Your objective → Pictures excluded, reproduce exactly the lines below from the one with "按摩椅的机芯可以在导轨上自由" through the one with "in der Serie", both included.

Information provided →
----

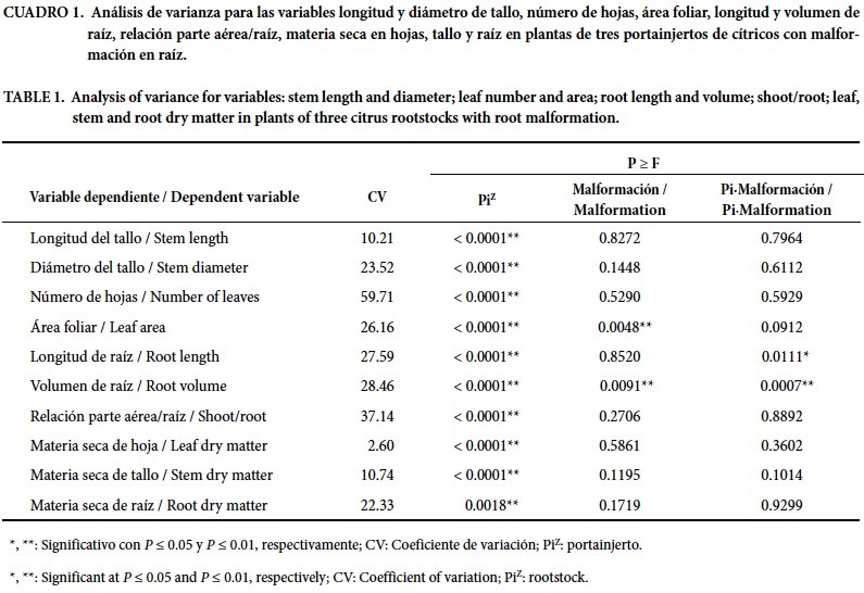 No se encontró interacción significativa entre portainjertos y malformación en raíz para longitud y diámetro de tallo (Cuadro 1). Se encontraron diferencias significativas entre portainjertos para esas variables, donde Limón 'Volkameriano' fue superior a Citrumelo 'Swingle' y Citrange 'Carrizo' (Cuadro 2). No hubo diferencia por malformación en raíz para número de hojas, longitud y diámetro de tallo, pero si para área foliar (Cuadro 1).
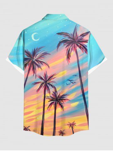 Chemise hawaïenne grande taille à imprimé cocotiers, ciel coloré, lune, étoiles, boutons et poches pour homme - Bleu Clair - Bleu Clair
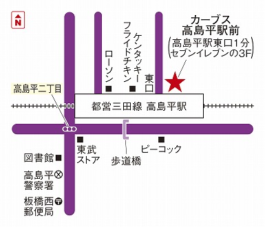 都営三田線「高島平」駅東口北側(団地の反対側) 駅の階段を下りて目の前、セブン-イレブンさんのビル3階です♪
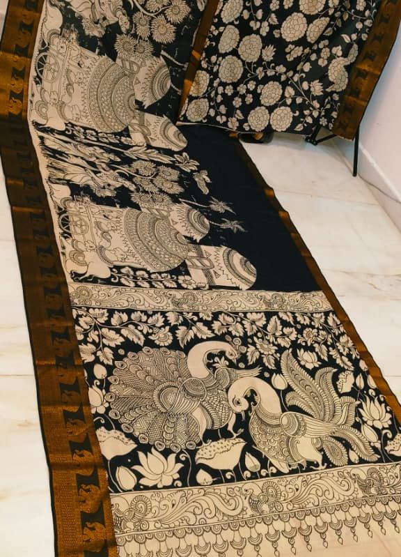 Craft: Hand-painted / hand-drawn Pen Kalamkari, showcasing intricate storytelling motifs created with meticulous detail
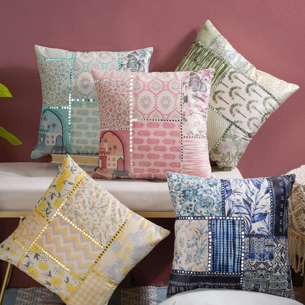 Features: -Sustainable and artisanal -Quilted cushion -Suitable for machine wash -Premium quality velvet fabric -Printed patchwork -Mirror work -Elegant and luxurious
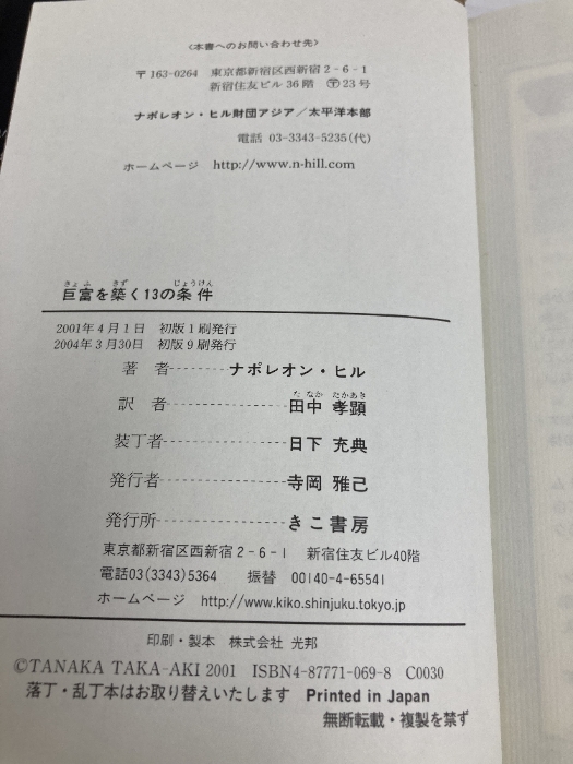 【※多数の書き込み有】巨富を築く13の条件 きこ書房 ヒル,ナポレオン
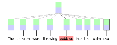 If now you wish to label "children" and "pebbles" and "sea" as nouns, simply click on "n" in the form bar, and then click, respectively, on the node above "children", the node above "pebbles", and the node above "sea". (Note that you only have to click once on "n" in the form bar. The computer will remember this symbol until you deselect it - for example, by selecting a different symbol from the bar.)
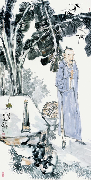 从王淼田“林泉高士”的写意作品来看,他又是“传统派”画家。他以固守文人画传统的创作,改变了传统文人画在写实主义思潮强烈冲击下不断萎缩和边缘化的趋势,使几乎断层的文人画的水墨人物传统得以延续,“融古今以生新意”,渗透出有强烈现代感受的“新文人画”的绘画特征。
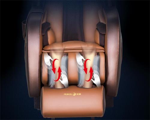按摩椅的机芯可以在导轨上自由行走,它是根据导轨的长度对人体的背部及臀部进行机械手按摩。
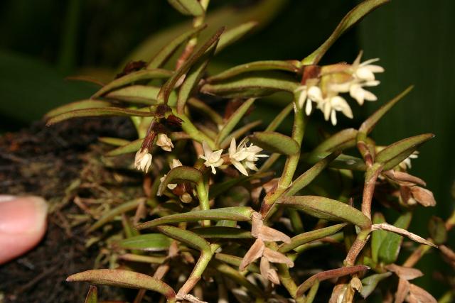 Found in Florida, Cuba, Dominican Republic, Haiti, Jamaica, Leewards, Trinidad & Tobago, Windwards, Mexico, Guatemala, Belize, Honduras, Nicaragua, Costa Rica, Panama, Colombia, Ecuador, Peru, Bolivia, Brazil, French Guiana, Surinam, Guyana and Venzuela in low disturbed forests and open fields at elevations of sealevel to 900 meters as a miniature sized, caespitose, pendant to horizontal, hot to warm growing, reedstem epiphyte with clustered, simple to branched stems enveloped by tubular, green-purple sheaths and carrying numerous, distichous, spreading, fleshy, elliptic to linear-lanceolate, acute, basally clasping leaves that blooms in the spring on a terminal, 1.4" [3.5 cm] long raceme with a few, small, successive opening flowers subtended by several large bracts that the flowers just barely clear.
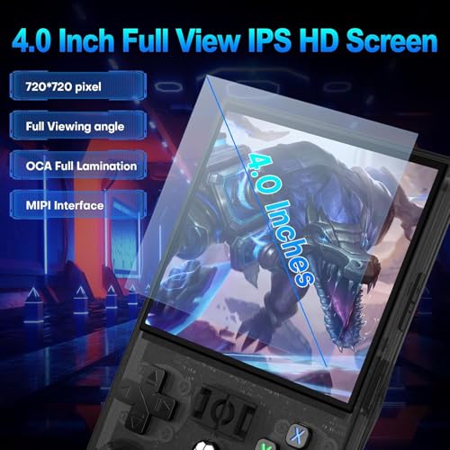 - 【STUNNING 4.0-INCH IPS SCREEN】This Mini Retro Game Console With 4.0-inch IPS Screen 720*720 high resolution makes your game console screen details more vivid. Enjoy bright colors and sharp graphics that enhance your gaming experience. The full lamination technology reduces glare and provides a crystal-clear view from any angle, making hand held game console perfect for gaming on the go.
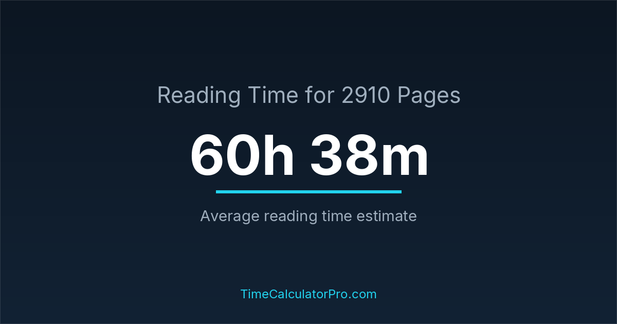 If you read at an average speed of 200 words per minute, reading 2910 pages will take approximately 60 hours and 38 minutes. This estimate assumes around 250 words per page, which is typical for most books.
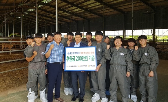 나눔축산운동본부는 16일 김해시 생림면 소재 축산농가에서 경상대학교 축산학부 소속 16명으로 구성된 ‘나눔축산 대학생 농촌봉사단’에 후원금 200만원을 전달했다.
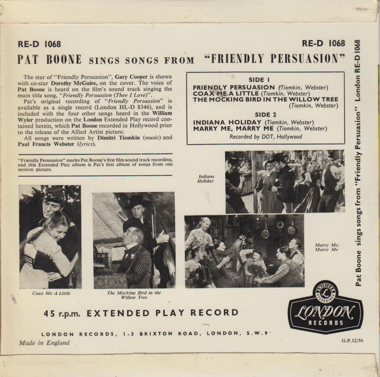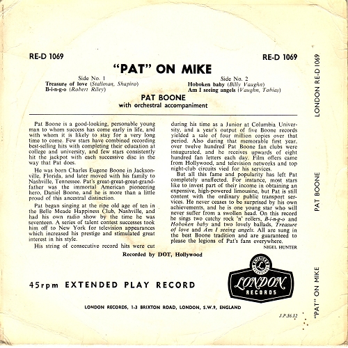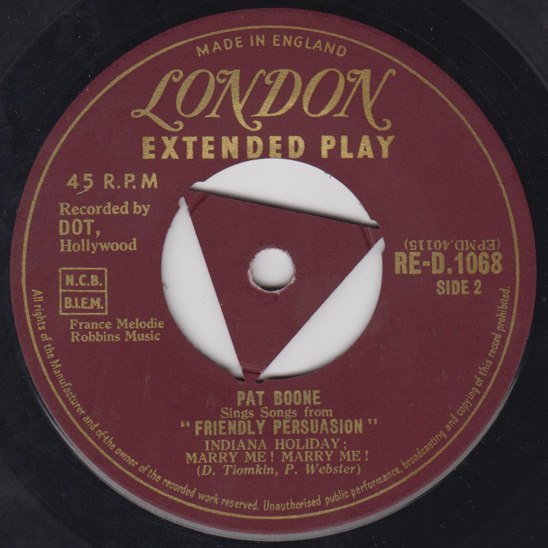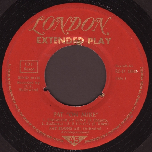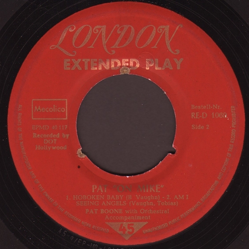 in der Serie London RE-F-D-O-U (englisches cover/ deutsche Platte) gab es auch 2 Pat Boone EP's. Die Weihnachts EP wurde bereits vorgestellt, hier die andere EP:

----

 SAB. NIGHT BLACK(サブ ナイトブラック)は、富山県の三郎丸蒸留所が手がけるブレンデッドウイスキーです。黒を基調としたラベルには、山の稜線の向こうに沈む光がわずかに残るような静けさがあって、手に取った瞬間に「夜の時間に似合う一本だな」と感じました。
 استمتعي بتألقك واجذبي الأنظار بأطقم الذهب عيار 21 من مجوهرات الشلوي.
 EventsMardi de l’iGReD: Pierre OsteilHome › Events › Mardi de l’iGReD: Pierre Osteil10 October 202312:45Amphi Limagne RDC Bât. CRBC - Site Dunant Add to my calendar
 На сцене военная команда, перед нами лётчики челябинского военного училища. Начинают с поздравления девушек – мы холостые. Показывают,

----

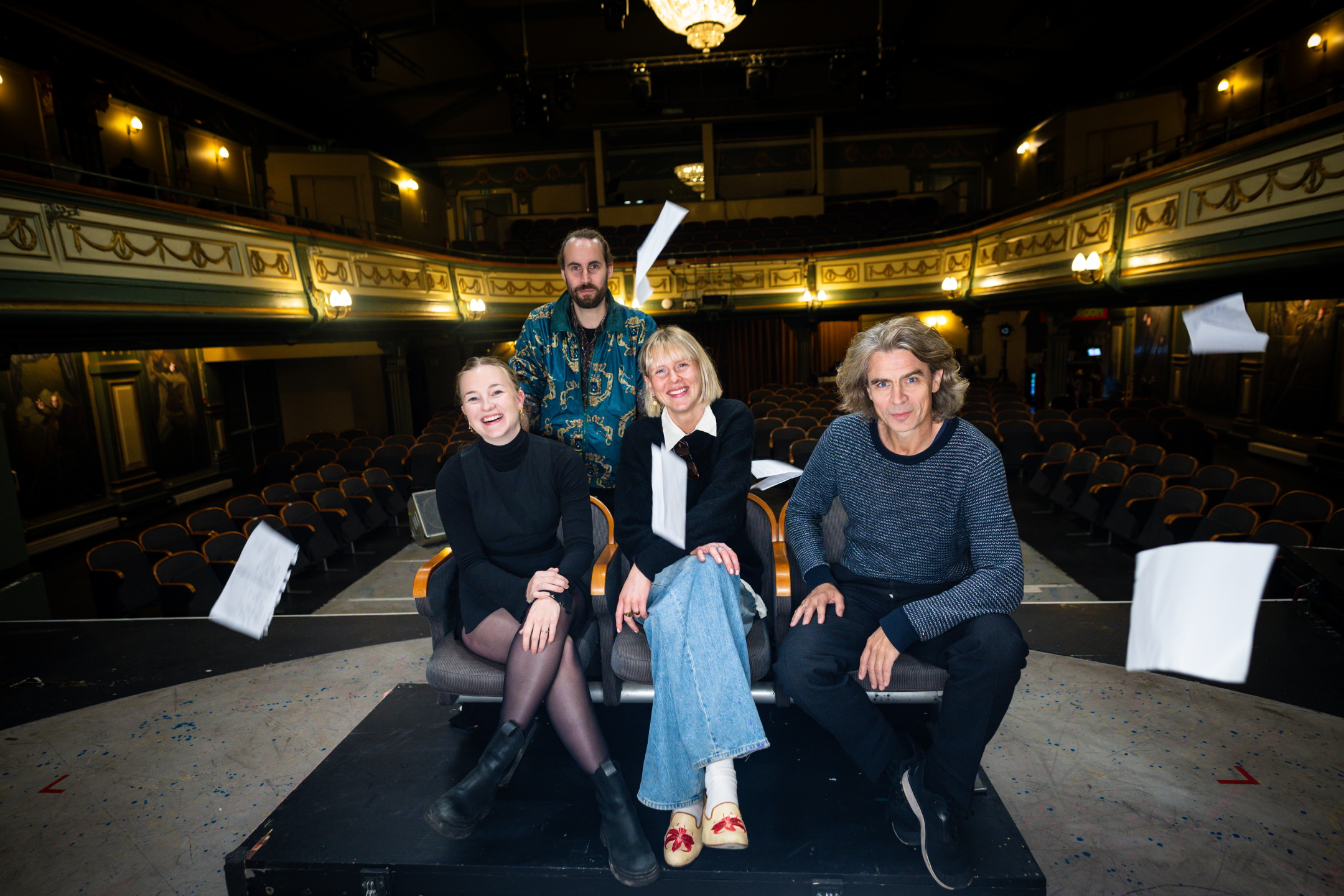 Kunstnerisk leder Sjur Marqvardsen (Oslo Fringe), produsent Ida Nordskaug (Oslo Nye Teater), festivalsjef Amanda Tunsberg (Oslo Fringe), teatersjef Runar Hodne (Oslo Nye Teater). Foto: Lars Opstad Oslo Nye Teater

----

Solved exercise →
按摩椅的机芯可以在导轨上自由行走,它是根据导轨的长度对人体的背部及臀部进行机械手按摩。
 Found in Florida, Cuba, Dominican Republic, Haiti, Jamaica, Leewards, Trinidad & Tobago, Windwards, Mexico, Guatemala, Belize, Honduras, Nicaragua, Costa Rica, Panama, Colombia, Ecuador, Peru, Bolivia, Brazil, French Guiana, Surinam, Guyana and Venzuela in low disturbed forests and open fields at elevations of sealevel to 900 meters as a miniature sized, caespitose, pendant to horizontal, hot to warm growing, reedstem epiphyte with clustered, simple to branched stems enveloped by tubular, green-purple sheaths and carrying numerous, distichous, spreading, fleshy, elliptic to linear-lanceolate, acute, basally clasping leaves that blooms in the spring on a terminal, 1.4" [3.5 cm] long raceme with a few, small, successive opening flowers subtended by several large bracts that the flowers just barely clear.
 - 【STUNNING 4.0-INCH IPS SCREEN】This Mini Retro Game Console With 4.0-inch IPS Screen 720*720 high resolution makes your game console screen details more vivid. Enjoy bright colors and sharp graphics that enhance your gaming experience. The full lamination technology reduces glare and provides a crystal-clear view from any angle, making hand held game console perfect for gaming on the go.
 If you read at an average speed of 200 words per minute, reading 2910 pages will take approximately 60 hours and 38 minutes. This estimate assumes around 250 words per page, which is typical for most books.
 나눔축산운동본부는 16일 김해시 생림면 소재 축산농가에서 경상대학교 축산학부 소속 16명으로 구성된 ‘나눔축산 대학생 농촌봉사단’에 후원금 200만원을 전달했다.
 in der Serie London RE-F-D-O-U (englisches cover/ deutsche Platte) gab es auch 2 Pat Boone EP's. Die Weihnachts EP wurde bereits vorgestellt, hier die andere EP:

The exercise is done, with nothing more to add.